Insomma: secondo Levine, il mercato realizza giochi violenti perché è convinto che la maggior parte del pubblico desideri giochi violenti, mentre invece c'è una larga fetta di pubblico che desidera altri tipi di intrattenimento. A questo proposito prende ad esempio il primo Bioshock, il quale nel 2007 ha stravolto le aspettative del mercato. Fortunatamente, però, le cose stanno cambiando:
"C'era una tendenza da parte dei publisher a sottostimare l'utenza - afferma Ken - ma questa non ha niente di diverso da qualsiasi altra utenza. Ci sono tantissimi film pensati per persone che non sono interessate alla fiolosofia politica e ce ne sono tantissimi destinati a questi."
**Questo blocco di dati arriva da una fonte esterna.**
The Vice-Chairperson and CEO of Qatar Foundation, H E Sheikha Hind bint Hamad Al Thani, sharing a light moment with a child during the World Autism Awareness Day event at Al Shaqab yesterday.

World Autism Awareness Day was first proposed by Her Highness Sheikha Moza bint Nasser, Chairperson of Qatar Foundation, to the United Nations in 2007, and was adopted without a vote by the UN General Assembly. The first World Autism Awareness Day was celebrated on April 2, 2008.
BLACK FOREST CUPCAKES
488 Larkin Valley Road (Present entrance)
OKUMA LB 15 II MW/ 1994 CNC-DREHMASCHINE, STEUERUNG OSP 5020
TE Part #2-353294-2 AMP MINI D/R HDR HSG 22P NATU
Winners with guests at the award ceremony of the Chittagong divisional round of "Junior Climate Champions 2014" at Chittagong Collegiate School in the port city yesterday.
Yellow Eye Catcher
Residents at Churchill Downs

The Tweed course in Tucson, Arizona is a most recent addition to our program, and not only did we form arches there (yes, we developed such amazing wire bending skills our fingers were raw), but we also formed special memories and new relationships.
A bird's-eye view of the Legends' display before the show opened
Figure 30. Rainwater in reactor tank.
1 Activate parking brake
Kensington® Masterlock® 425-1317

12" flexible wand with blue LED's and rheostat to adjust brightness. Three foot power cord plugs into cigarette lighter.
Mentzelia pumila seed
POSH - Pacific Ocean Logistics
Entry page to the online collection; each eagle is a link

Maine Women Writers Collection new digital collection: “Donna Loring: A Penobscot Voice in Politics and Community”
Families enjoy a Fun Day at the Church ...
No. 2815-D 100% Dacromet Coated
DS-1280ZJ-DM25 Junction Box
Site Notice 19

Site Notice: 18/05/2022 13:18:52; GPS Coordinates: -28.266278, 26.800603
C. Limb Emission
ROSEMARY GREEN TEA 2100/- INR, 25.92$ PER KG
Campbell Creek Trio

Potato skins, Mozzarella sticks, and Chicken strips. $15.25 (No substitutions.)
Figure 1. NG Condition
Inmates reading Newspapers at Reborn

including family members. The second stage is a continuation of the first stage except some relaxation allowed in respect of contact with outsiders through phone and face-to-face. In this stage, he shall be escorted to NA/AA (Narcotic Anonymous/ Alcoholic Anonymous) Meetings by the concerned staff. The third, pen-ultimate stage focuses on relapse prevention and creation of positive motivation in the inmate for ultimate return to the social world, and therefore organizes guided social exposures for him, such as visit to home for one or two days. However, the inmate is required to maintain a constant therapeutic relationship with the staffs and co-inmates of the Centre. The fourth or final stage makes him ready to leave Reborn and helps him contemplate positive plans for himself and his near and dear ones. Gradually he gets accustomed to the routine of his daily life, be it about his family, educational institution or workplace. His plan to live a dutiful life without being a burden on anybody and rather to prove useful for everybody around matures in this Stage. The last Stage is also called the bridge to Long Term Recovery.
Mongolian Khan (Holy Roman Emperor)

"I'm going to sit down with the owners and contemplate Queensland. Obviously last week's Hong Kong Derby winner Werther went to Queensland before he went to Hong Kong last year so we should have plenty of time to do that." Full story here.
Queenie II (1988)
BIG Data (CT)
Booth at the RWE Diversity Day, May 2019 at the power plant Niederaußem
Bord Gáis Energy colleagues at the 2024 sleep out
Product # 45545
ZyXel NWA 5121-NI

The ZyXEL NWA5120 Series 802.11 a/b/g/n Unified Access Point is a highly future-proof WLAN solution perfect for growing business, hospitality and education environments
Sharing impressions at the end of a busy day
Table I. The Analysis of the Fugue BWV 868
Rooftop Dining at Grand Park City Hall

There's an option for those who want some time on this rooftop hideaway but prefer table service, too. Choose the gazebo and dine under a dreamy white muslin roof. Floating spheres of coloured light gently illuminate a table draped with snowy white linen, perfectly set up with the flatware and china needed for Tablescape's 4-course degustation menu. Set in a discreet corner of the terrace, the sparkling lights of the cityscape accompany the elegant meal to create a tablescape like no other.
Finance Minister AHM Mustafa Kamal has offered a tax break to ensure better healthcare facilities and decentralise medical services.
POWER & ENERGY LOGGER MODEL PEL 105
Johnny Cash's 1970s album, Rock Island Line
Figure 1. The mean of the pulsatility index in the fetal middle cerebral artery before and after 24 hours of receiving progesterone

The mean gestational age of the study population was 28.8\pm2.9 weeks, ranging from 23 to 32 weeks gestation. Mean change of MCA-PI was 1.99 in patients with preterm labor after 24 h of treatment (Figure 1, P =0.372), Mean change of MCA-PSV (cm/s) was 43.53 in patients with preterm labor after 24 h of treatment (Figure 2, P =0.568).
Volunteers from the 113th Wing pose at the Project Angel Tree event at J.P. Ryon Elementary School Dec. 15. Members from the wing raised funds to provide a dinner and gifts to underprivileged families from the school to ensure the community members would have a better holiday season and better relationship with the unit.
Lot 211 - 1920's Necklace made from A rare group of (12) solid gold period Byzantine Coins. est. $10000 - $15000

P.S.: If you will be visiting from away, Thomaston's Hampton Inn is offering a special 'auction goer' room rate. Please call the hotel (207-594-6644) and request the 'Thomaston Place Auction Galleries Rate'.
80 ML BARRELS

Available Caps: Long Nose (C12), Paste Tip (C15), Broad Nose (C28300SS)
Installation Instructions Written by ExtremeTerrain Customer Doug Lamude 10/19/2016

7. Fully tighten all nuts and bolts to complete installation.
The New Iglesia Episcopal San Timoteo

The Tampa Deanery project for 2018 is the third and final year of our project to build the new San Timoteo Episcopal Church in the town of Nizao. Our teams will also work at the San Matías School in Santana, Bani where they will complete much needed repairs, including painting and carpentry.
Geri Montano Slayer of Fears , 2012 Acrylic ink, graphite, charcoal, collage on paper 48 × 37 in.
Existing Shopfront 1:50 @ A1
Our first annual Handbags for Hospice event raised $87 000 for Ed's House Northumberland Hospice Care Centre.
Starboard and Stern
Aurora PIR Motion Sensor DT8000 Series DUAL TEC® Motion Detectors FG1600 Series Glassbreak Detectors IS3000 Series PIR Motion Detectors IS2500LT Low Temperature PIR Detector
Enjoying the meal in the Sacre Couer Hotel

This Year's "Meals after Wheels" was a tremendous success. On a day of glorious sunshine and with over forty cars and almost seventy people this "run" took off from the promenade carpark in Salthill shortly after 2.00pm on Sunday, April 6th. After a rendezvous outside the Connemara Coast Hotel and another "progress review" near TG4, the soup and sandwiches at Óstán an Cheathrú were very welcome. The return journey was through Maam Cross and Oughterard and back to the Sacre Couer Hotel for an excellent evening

La soluzione al problema può essere trovata, secondo Levine, nella distrubuzione digitale, dove non si è "asserviti" alle leggi di mercato delle grandi cifre e si può puntare a utenze più specifiche: "Puoi veramente cercare di avere un'intrazione uno-a-uno con una base di fan più piccola e dedicata, e dare loro quello che vogliono - conclude - Realizziamo di poter sperimentare di più perché non dobbiamo soddisfare un comun denominatore così ampio."